[Exercise directions]:
Take the data below and extract the lines from the one with "Lomakeskus on rakennettu" to the one with "The elegant round", inclusive, exactly as written.

[Extracted records]:
+ + + +

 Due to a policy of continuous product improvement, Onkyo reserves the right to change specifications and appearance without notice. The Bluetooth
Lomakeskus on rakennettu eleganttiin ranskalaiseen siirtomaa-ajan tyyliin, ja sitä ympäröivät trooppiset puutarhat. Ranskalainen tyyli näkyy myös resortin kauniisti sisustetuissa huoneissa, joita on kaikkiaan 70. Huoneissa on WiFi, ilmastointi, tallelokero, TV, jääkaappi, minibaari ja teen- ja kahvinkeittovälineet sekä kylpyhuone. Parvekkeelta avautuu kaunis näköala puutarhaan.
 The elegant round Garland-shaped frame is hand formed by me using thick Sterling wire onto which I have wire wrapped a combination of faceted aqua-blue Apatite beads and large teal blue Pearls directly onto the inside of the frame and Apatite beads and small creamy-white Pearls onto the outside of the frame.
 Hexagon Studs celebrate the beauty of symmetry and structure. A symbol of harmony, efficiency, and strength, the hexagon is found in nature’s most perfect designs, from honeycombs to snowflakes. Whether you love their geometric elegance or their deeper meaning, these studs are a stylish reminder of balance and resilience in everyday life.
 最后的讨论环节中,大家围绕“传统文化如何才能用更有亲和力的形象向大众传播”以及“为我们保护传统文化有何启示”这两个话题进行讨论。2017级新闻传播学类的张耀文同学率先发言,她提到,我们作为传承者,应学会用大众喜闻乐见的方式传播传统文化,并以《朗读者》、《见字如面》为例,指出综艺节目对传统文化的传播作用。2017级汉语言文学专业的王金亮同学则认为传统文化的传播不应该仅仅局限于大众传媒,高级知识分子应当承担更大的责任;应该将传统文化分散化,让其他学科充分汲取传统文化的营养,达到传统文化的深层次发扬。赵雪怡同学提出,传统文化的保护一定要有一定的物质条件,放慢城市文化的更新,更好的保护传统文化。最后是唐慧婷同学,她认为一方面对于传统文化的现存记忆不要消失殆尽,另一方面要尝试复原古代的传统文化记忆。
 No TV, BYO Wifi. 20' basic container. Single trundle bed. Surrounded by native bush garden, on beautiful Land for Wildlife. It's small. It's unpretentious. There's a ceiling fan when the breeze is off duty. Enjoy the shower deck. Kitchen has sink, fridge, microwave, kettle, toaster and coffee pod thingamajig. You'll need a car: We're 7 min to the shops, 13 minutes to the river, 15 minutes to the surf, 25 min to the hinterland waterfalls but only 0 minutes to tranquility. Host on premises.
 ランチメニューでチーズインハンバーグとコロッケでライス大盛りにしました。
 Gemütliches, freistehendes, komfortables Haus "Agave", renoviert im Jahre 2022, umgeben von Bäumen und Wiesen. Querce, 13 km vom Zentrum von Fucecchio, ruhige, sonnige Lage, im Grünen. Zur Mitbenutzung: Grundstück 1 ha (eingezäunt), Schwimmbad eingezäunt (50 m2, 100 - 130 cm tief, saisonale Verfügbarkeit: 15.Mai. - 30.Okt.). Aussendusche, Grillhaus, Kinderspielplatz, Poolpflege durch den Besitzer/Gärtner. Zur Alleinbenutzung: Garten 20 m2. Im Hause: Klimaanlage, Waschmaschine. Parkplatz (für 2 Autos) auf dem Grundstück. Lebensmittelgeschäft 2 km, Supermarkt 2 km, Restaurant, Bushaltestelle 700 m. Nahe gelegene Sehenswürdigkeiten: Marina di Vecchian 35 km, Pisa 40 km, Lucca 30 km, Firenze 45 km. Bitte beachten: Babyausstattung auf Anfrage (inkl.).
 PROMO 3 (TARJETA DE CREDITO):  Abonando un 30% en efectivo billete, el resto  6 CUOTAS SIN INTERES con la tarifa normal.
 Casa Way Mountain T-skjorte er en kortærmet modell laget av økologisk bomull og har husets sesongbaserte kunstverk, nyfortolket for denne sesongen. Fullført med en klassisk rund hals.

+ + + +

[Exercise response]:
Lomakeskus on rakennettu eleganttiin ranskalaiseen siirtomaa-ajan tyyliin, ja sitä ympäröivät trooppiset puutarhat. Ranskalainen tyyli näkyy myös resortin kauniisti sisustetuissa huoneissa, joita on kaikkiaan 70. Huoneissa on WiFi, ilmastointi, tallelokero, TV, jääkaappi, minibaari ja teen- ja kahvinkeittovälineet sekä kylpyhuone. Parvekkeelta avautuu kaunis näköala puutarhaan.
 The elegant round Garland-shaped frame is hand formed by me using thick Sterling wire onto which I have wire wrapped a combination of faceted aqua-blue Apatite beads and large teal blue Pearls directly onto the inside of the frame and Apatite beads and small creamy-white Pearls onto the outside of the frame.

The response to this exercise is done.